また談笑が始まった。今まで昼餐を手伝ってくれた給仕たちは一礼して下がっていき、デザートのための給仕がまた現れる。デイモンと交代したのはアイザックという人で、この人もロクサーヌ様が王宮にお住まいだった頃からの古株だ。ロクサーヌ様は涙の余韻に少しお疲れのご様子だったが、アイザックの登場に、まあ、と声を上げられた。
「まあアイザック。まだ王宮にいたの? てっきりどなたかに刺されたものと思っていたわ!」
「お戯れを」アイザックはにっこり笑う。「ご無沙汰しております、ロクサーヌ様。ますますお美しくなられますね」
「呆れた。相変わらず、うわべだけの世辞をいけしゃあしゃあと」
「うわべだけとは心外です。お姫様方もそうお思いでしょう? 年を経るごとにますます美しさに磨きがかかっていくデュシュマン公爵閣下。以前からこの手の麗しさに心を痛め、この手に触れることさえできれば命さえ投げだそうと思い詰める貴公子のなんと多かったことか。

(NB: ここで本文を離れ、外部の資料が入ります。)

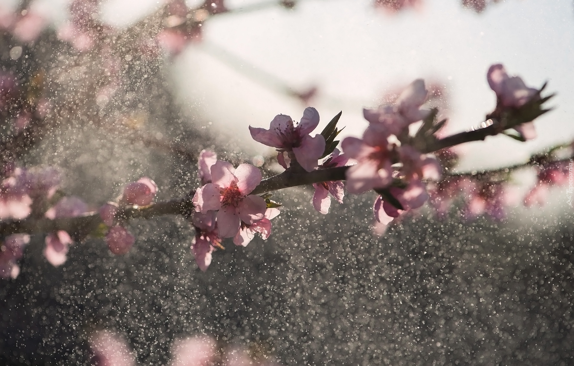Edytor tapety: Gałązka drzewa owocowego w deszczu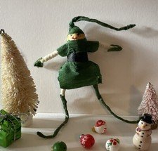 1 Vintage Christmas Elves Pixies Pipe Cleaner Peanut Body Floral Pick Handmade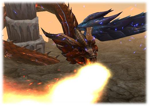 a. 龙炎:红色头颅喷吐火系龙炎,造成群体持续灼烧伤害,蓝色头颅喷吐冰系龙炎,造成群体持续冰冻伤害。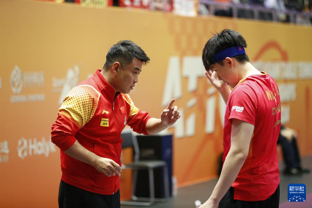 10月12日,中国队教练王皓(左)在比赛间隙对王楚钦进行指导。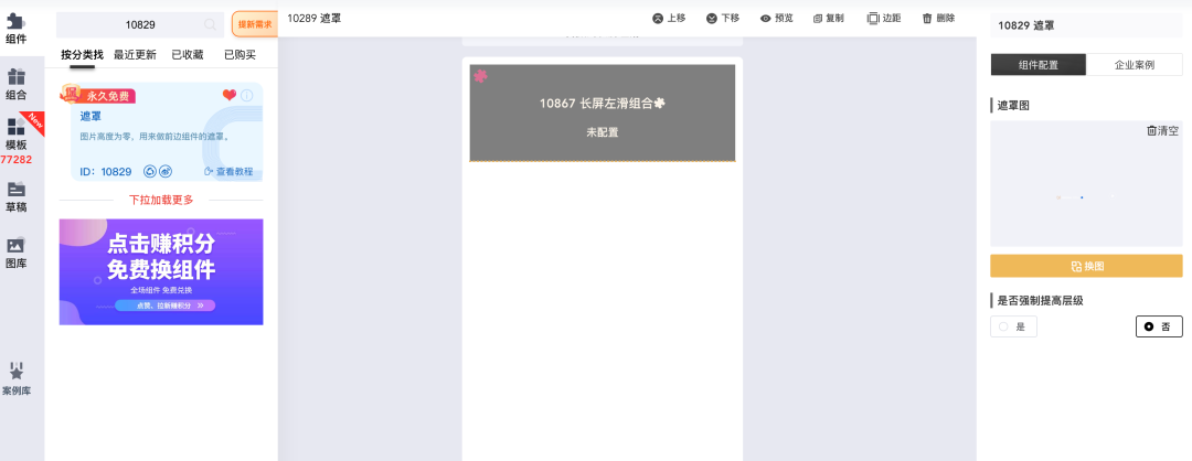 接着在左侧组件中找到「遮罩」组件,点击选择,然后上传一张带有视频号标识的滑动前景图,尺寸为一屏滑动图片的尺寸之和。
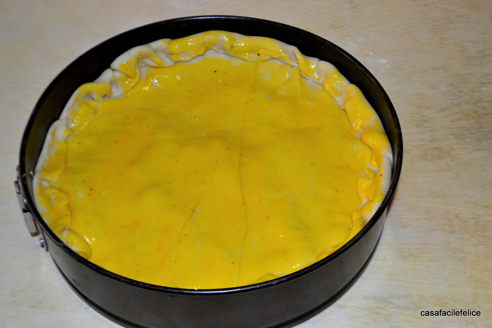 Foderate la tortiera e pungete il fondo con i rebbi di una forchetta, versate il ripieno e livellatelo.

それがお年を召せば召すほどますます美しくなっていかれるなんて、いったいどんな魔法をお使いなんです? 閣下の、お使いの石けん、香料、クリーム、果ては顔を拭う布に至るまで、同じものを取り寄せて同じ魔法の片鱗だけでも我が身に振りかけたいと願うご婦人方は増える一方と聞いておりますよ」
アイザックは蕩々とよどみなく話す。わたくしは感心した。よくもまあ、あんなに口が動くものだ。
彼はもう半分隠居している。話し方も身のこなしもキビキビしているが、実はデイモンより十近く年上、わたくしの曾祖父くらいのお年なのだそうだ。出会った女性には必ず親しく声をかけ、矢継ぎ早に褒め言葉をシャワーのごとく振りかける。彼と立ち話でもしようものなら、“スマートにエスコートされて”“あっという間にすごく楽しい気分にされて”“気づくとくるくる踊らされてる”――などという意味不明な噂を聞き込んできたのはマルゴだった。気づくとくるくる回っているなんて、あんまり経験したいとは思えないけれど。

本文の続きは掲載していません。